L’Épi Alimentaire: le nouveau repère des recommandations alimentaires belges


 

L’Épi alimentaire illustre les 5 mesures alimentaires prioritaires qui ont le plus d’impact sur la santé pour la population adulte en Belgique. Développé par Food in Action et la Haute École Vinci sur base des nouvelles recommandations alimentaires du Conseil Supérieur de la Santé, c’est le premier modèle soutenu au niveau Fédéral et des Régions.

Bien manger: fixer les priorités !

Manger équilibré, voilà bien une vérité devenue inutile, tant chacun y va de son interprétation. Et ce n’est pas un hasard, mais un phénomène qui ne fait que s’amplifier en raison des pertes de repères que provoque la surinformation. Les moteurs de recherches sont devenus le premier interlocuteur pour accéder à des informations sur la santé. Les influenceurs donnent le ton et deviennent un nouveau pouvoir, les réseaux sociaux propagent bonne et mauvaise parole sur ce qu’il faut ou ne faut surtout pas manger… À la clé, des conceptions, des convictions et des comportements alimentaires qui répondent parfois plus aux besoins intellectuels qu’à ceux de la physiologie humaine.

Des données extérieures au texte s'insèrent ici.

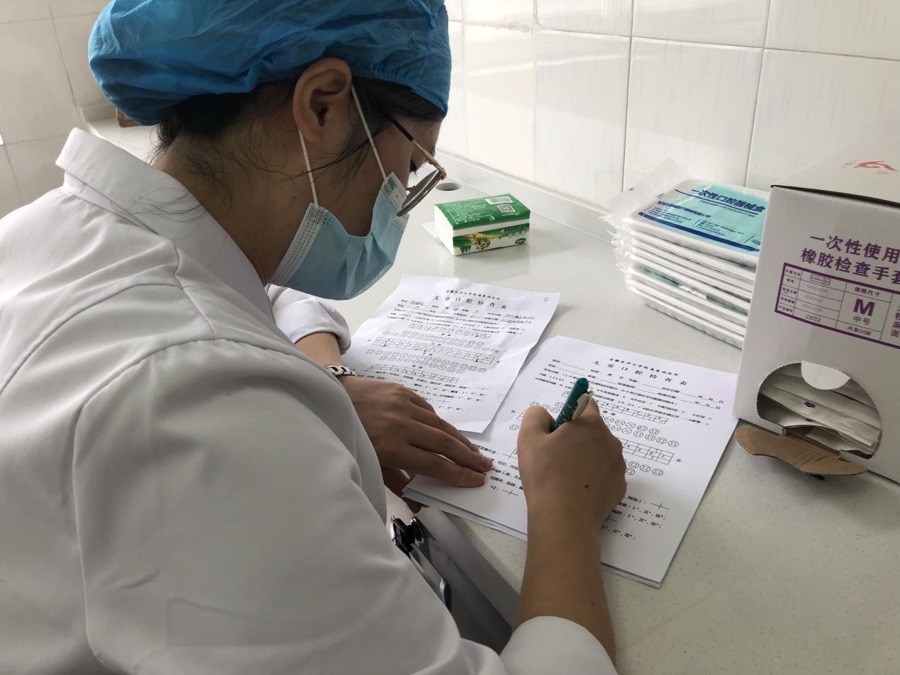 医生填写口腔检查表。安医大附属巢湖医院供图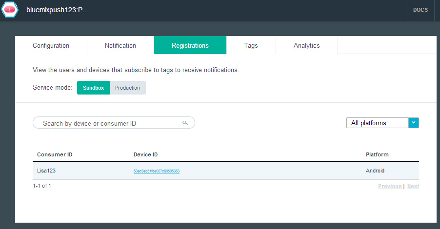 Push 服务,并导航到 Registrations 选项卡。可以在该列表中看到您的设备。您可以注意到,Consumer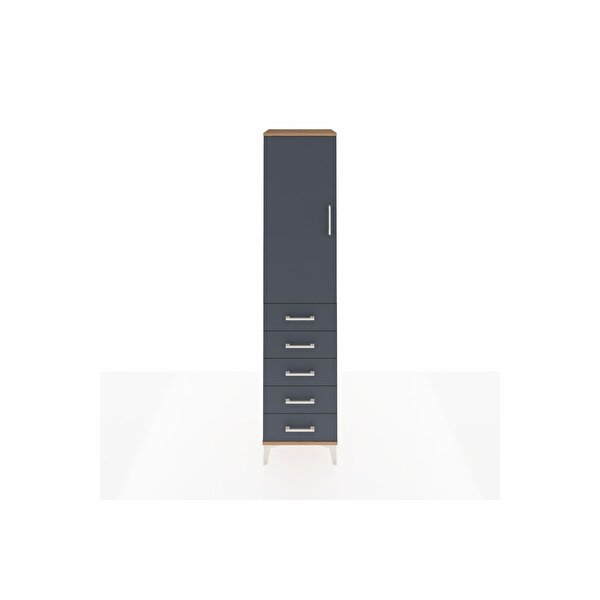 Dienni Mobilya Hyperion Dolap Tek Raflı 5 Çekmeceli Tek Askılı 44x44x195 Çam-antrasit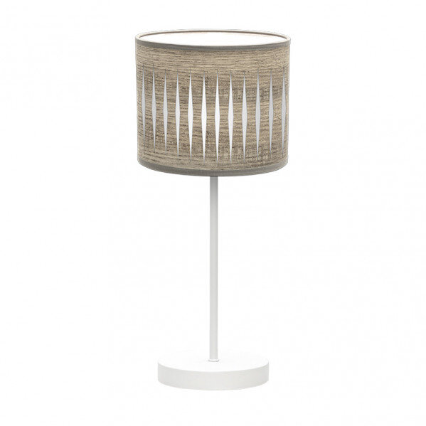 Detalles: Color: Blanco/Madera Gris. Peso Neto: 760. Peso Bruto: 900. Medidas embalaje: 34x18x18. Dimensiones (alto x ancho x fondo): 42X17X17. Voltaje: 220-240 V. Uso (Interior/Exterior): Recomendado para interiores. Bombillas incluidas: No. Proyección de la luz: Luz difusa general. Tipo de instalación: En superficie. Uso: Doméstico. Diámetro: 17. Difusor: Pantalla. Material Pantalla: Textil. Material Armazón: Metal. Color Pantalla: Madera Gris/Blanco. Color Armazón: Blanco. Portalámparas: 1xE14. Certificado CE: true. Certificado Reciclaje: true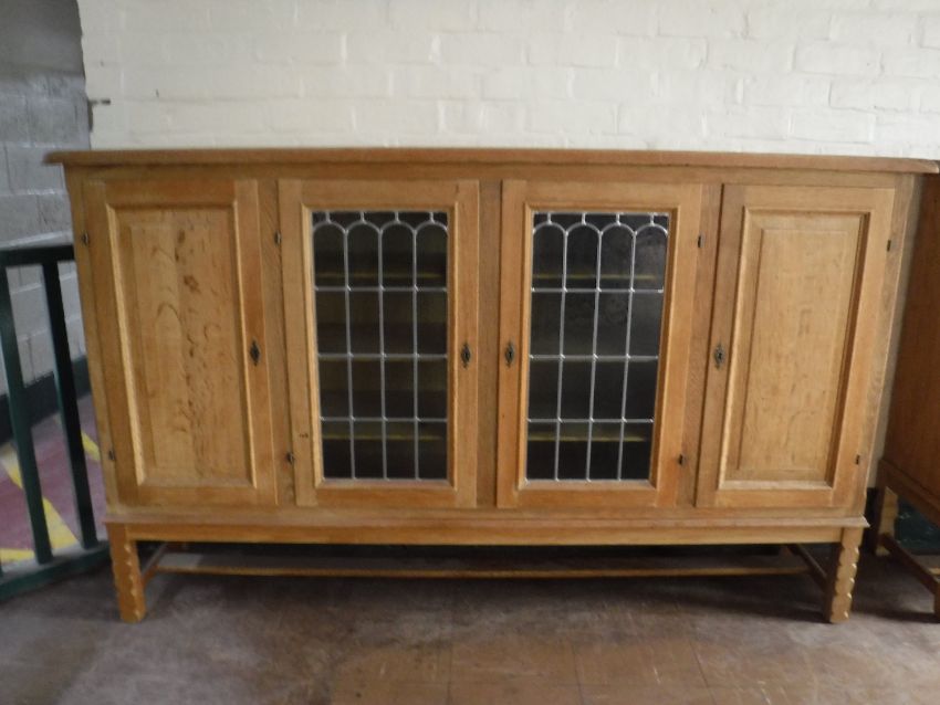 A blonde oak four door sideboard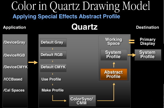 In terms of color processing, the application can request Quartz to render data in any of the PDF color spaces. To accomplish that, Quartz will convert all these into ICC profiles. Default profiles are selected by Quartz, but can be overridden by the application. Quartz will do all compositing in the working space, and ColorSync will be invoked to perform color transformations from any of the source color spaces to the working space. Finally, when compositing is completed, the rasterized data will be sent to the desired destination. Naturally, if the color space of the destination doesn't match the working space, and additional conversion must be done.

Dans le but de nous rassurer, le cerveau cherche et trouve des coupables tout désignés, qui se succèdent au fil du temps: cholestérol, gluten, lactose, viande rouge, produits laitiers, sucre, aspartame,… Outre les régimes d’éviction, Il nous fait aussi succomber au charme de prétendus superfoods, du «naturel», censés conférer santé et longévité.

Ces comportements sont finalement bien éloignés de ce qui constitue une priorité pour la majorité des personnes adultes, et c’est en cela que l’Épi Alimentaire permet de séparer le bon grain de l’ivraie. En effet, il représente, par ordre décroissant, les 5 principales priorités alimentaires qui sont associées au plus grand bénéfice sur le plan de la santé. Ces 5 priorités sont les messages-clés auxquels a abouti le vaste travail «Food Based Dietary Guidelines (FBDG)» du Conseil Supérieur de la Santé.

Ce nouvel avis a été développé en suivant une méthodologie bien précise:

  • L’identification des principaux problèmes de santé rencontrés en Belgique et qui présentent un lien avec l’alimentation,
  • ​Le recensement des aliments impliqués par ordre d’importance, en commençant par ceux dont le manque ou l’excès ont le plus grand impact sur la santé,
  • La classification des aliments en groupes, dont la consommation usuelle dans la population belge a été résumée sur la base des résultats de l’Enquête de Consommation Alimentaire réalisée dans notre pays en 2014.
  • La formulation de recommandations sur base de ce qui précède, pour les différents aliments et profils alimentaires, à destination en première instance des adultes en bonne santé.

Quelles sont les priorités?

Les priorités ont été identifiées à l’issue du travail des experts du Conseil Supérieur de la Santé et intitulé «Food Based Dietary Guidelines» en 2019. Elles sont les suivantes:

  1.  Consommez au moins 125 g de produits céréaliers complets par jour et remplacez aussi souvent que possible les produits raffinés par des produits céréaliers complets.
  2. Mangez tous les jours 250 g de fruits, en privilégiant les fruits frais.
  3.  Mangez tous les jours 300 g de légumes (frais ou préparés) et diversifiez vos choix en vous laissant guider par l’offre saisonnière.
  4. Consommez des légumineuses au moins une fois par semaine.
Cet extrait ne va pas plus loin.